How great is it to be able to get Tony to walk us thru this whole thing? And we don't have to make a call that re-routes itself to some guy in India that we can't understand in the first place? I really gotta do this and get on the K/L wagon...it seems so simple and not very expensive. Here's the lazy part of me...we have two cats so it's not like KL isn't on our shopping list. I'd give Tony some more RG but my gun is out out RG bullets.


----------



## TonyBrooklyn (Jan 28, 2010)

Cigary said:


> *Great Lead In for this Martin...I was able to crack the "code" on this and saw a ton of secret photos of unclothed kitties!*
> 
> How great is it to be able to get Tony to walk us thru this whole thing? And we don't have to make a call that re-routes itself to some guy in India that we can't understand in the first place? I really gotta do this and get on the K/L wagon...it seems so simple and not very expensive. Here's the lazy part of me...we have two cats so it's not like KL isn't on our shopping list. I'd give Tony some more RG but my gun is out out RG bullets.

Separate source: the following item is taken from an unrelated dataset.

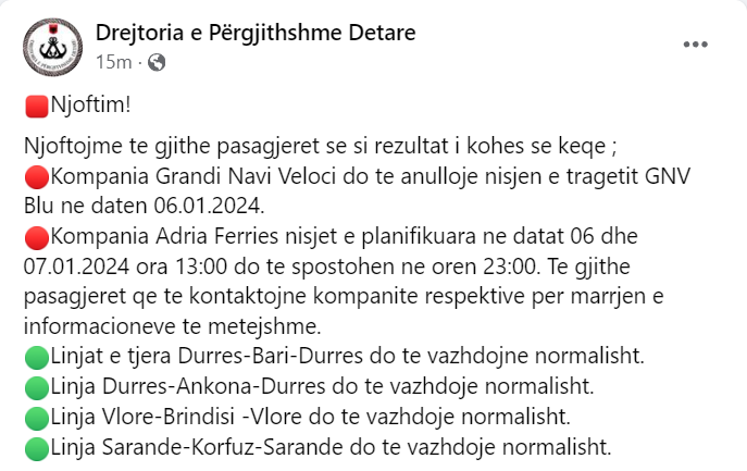 Kompania Adria Ferries nisjet e planifikuara ne datat 06 dhe 07.01.2024 ora 13:00 do te spostohen ne oren 23:00. Te gjithe pasagjeret qe te kontaktojne kompanite respektive per marrjen e informacioneve te metejshme.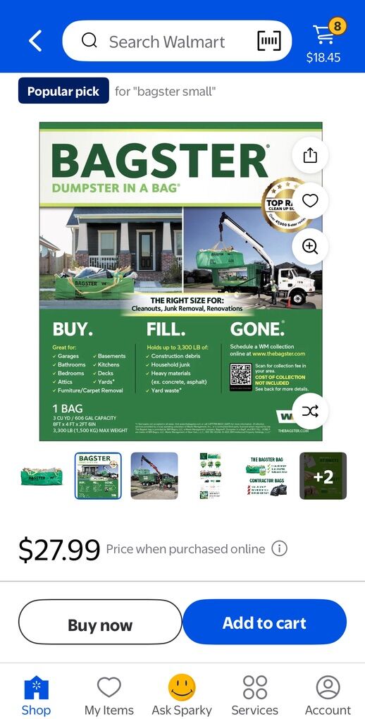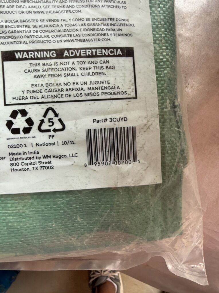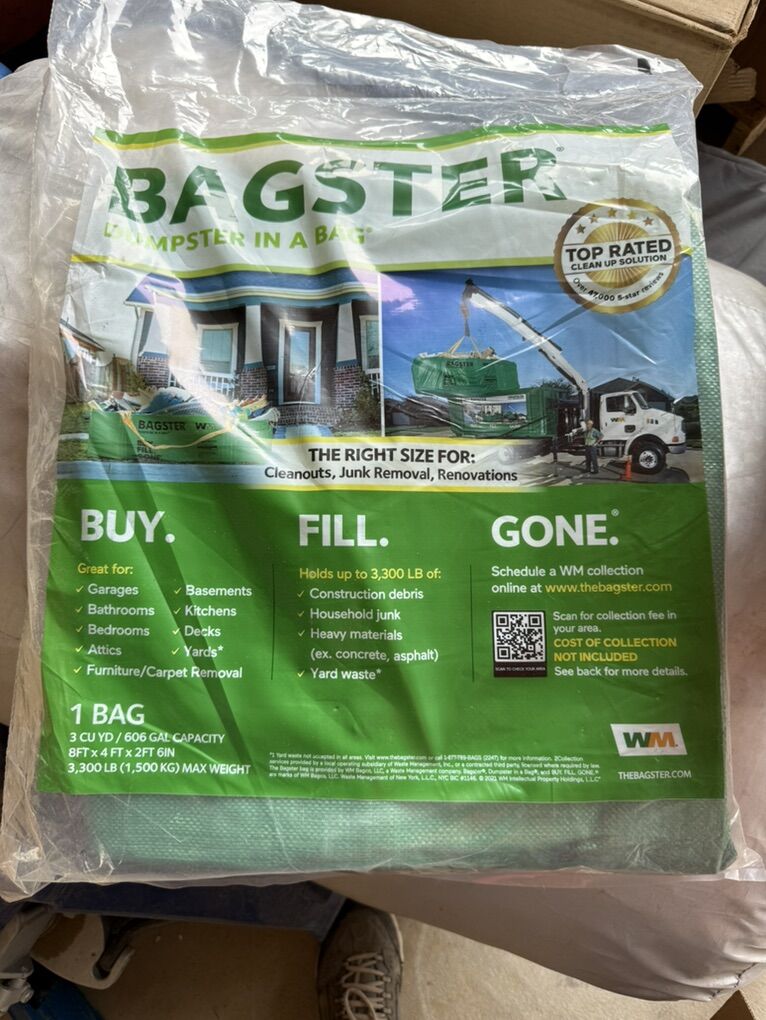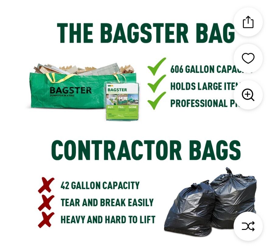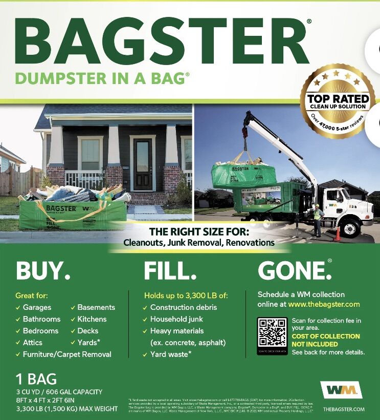The Bagster Dumpster in a Bag is a convenient waste removal solution for home improvement projects and big cleanups. It has a capacity of 606 gallons and can hold up to 3,300 pounds of debris. The bag measures 8' L x 4' W x 2.5' H and does not have a lid, making it easy to fill. It's suitable for various uses, including home renovation, yard waste, and clearing out garages. The bag features handy lifting straps for easy collection by waste management trucks. It's also a good option for disposing of scrap materials left behind after new construction, such as wood, concrete, or brick.

Its the thought that counts my brother your kind words and continued friendship!!!!!!!:high5:

:focus: Before i start getting all misty! ound:


----------



## Zogg (Aug 31, 2010)

i pretty much filled my 150 ct humi and i might have to ressurect the tubodor with some kitty litter. hm..

do i dare? I'll end up buying like 5 boxes of cigars.. lols..


----------



## mvorbrodt (Jan 13, 2010)

Update: I added a bit too much water to the kitty litter and the RH jumped to 72%. Had to take it out for a day and let the cooler air a bit. Went back in this morning, will check RH tonight.

Also, one annoying thing about this is the sand like particles falling out of the bags holding the litter. Other than that, i'm golden


----------



## FWTX (Feb 9, 2011)

Yeah but you're still missing something - about twenty more boxes of cigars to fill up that behemoth of a cooler!


----------



## TonyBrooklyn (Jan 28, 2010)

mvorbrodt said:


> Update: I added a bit too much water to the kitty litter and the RH jumped to 72%. Had to take it out for a day and let the cooler air a bit. Went back in this morning, will check RH tonight.
> 
> Also, one annoying thing about this is the sand like particles falling out of the bags holding the litter. Other than that, i'm golden


That's why i use trays!
Try Panty hose!
Beads crumble in those mesh bags as well!


----------



## Pipedreamz (Feb 4, 2011)

I can see from your stock that $$ isn't too much of a factor, but backing soda and a few days would work better than the $15 MarineLand. I don't even use that in my fish tanks.


----------



## gator_79 (Sep 16, 2009)

Man look at the size of that cooler. That looks like the one in my boat, only mine has a padded seat on top of it. That cooledor makes my 65 quart seem inadequate. Great set-up


----------